▶ _What to do_
With the pictures omitted, set down exactly the lines from the one that contains "Velké zarážky na" through the last line of the data.
--- Task inputs ---
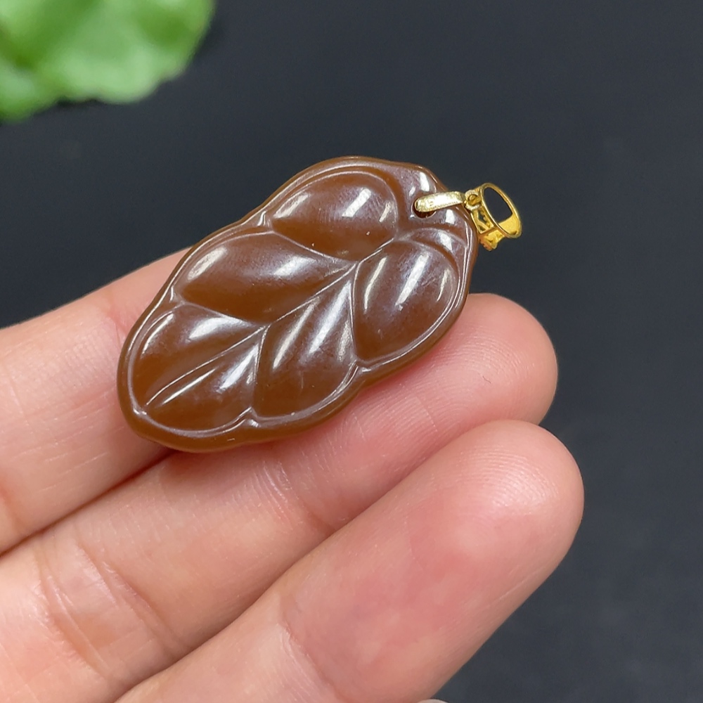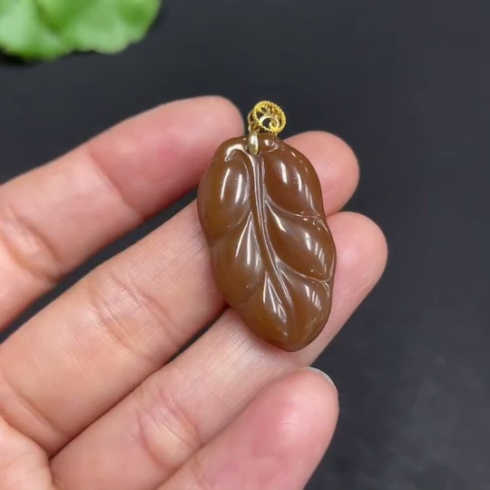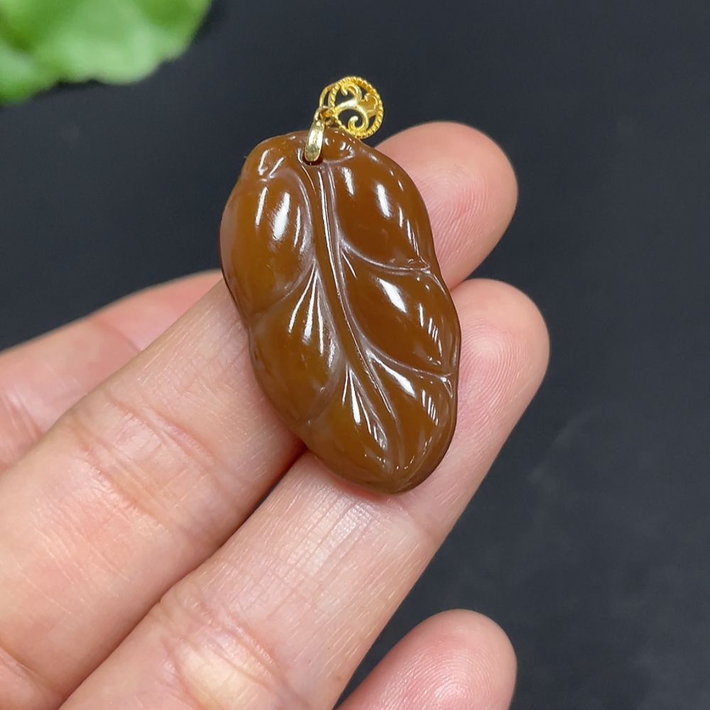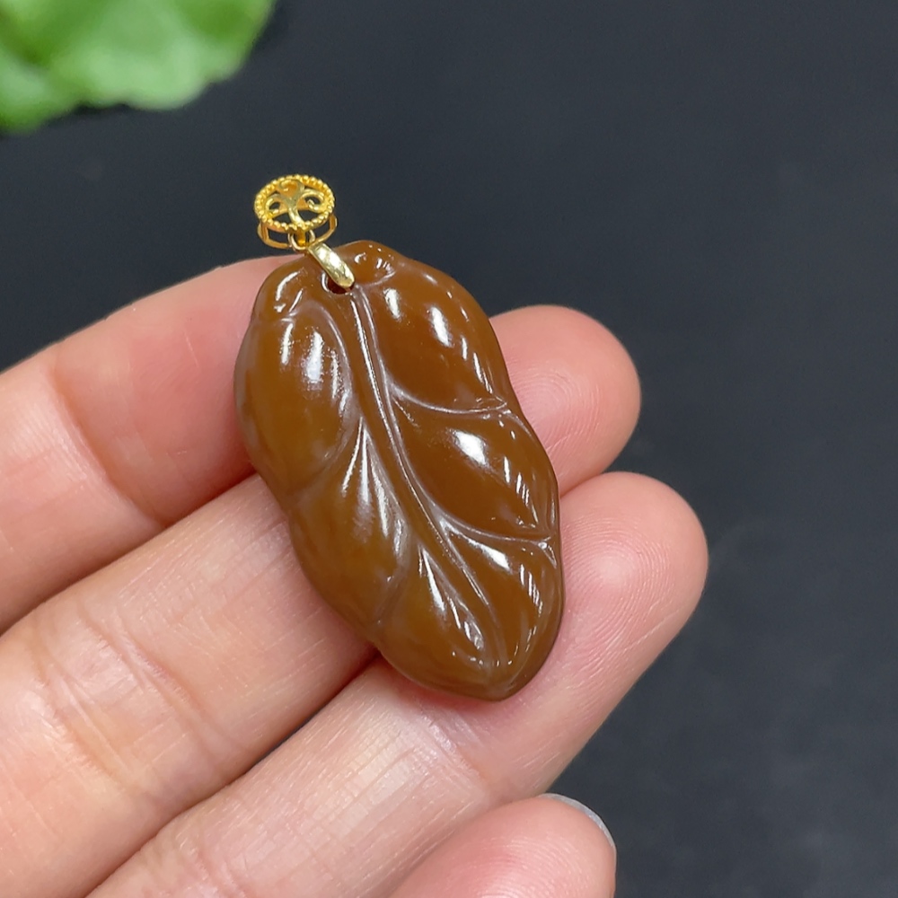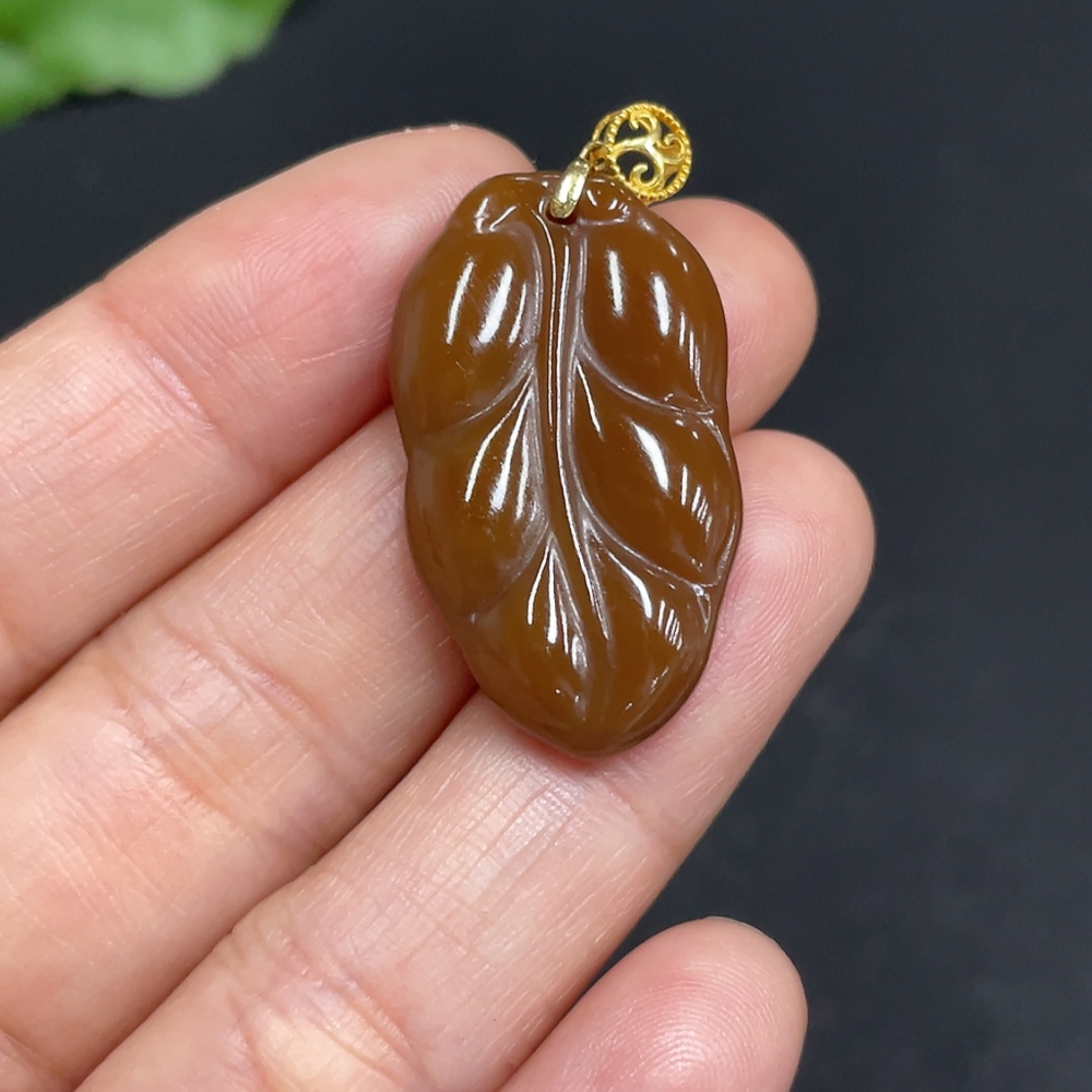 Hetian Jade Pendant Leaf with 18k Gold Clasp Total Weight Approx. 4.3g
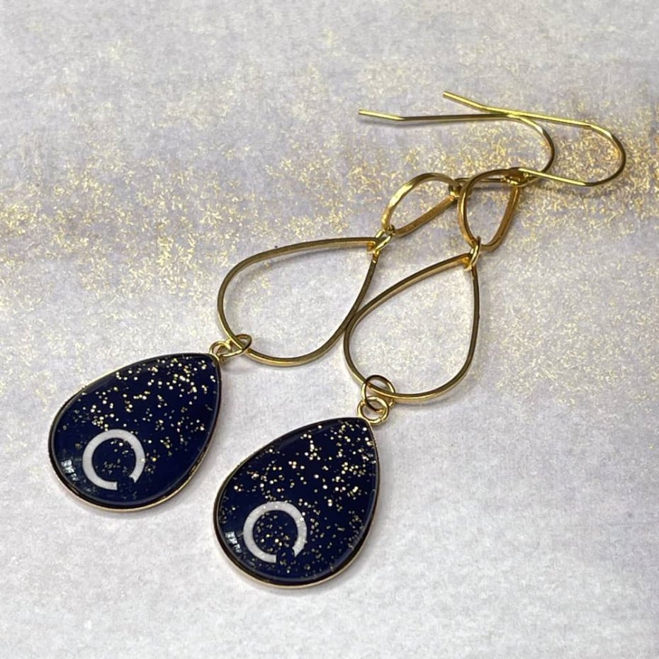 Tagi: #błyszczące kolczyki, #długie kolczyki, #granatowe kolczyki, #wieczorowe kolczyki
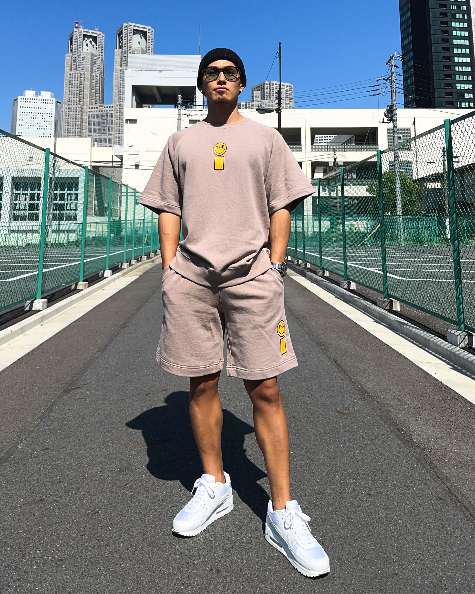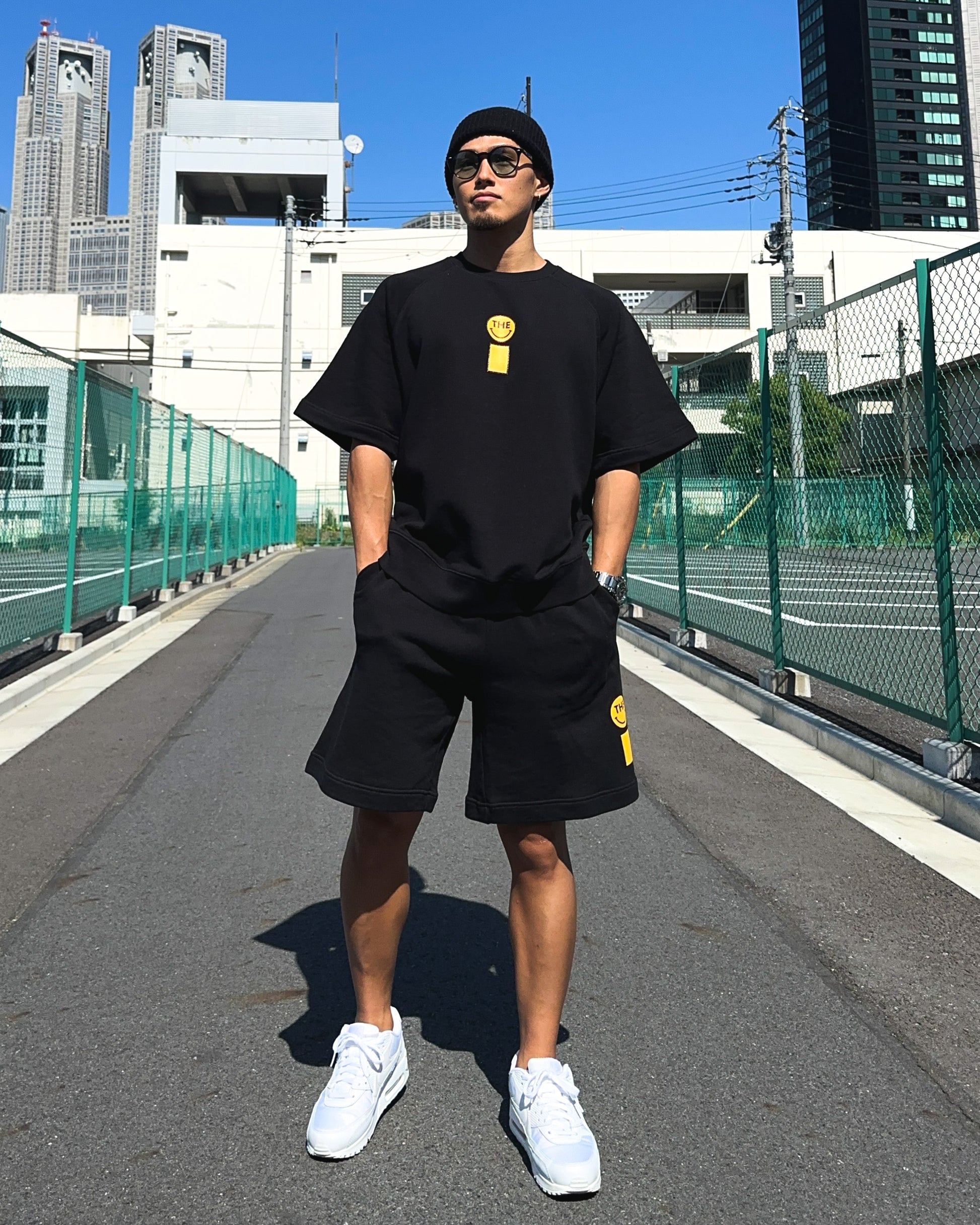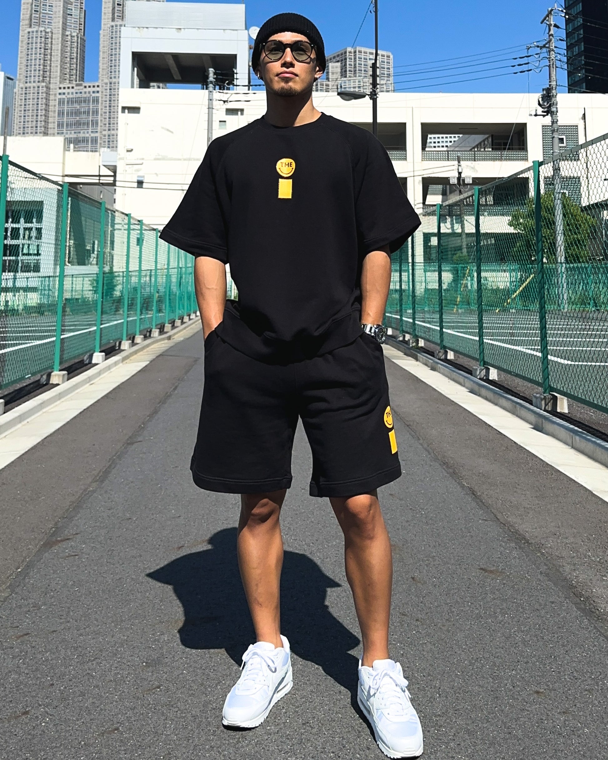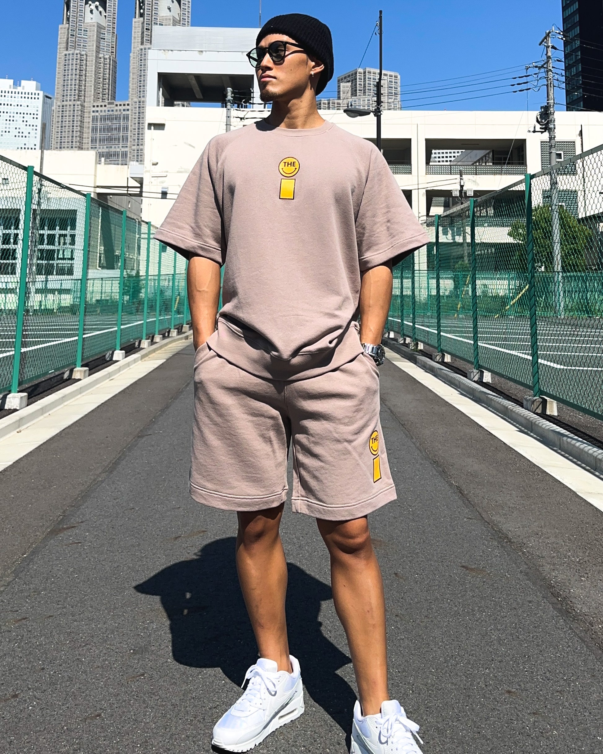 スマイリー ルーズフィット スウェット Tシャツ & ショーツ セットアップ
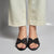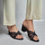 Square shape summer slides in cross over pattern with a comfortable sole.
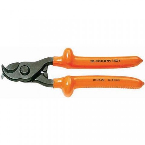 Velké zarážky na rukojetích zaručují bezpečnost uživatele. Reliéfní značení izolačních norem a dat na kleštích. Rukojeti izolované pruhovaným pružným opláštěním pro vynikající úchop.Nůžky na kabely Facom, 230 mm
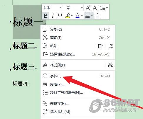 点击菜单中的字体选项。
---
▶ _Solved problem_
 Velké zarážky na rukojetích zaručují bezpečnost uživatele. Reliéfní značení izolačních norem a dat na kleštích. Rukojeti izolované pruhovaným pružným opláštěním pro vynikající úchop.Nůžky na kabely Facom, 230 mm
 点击菜单中的字体选项。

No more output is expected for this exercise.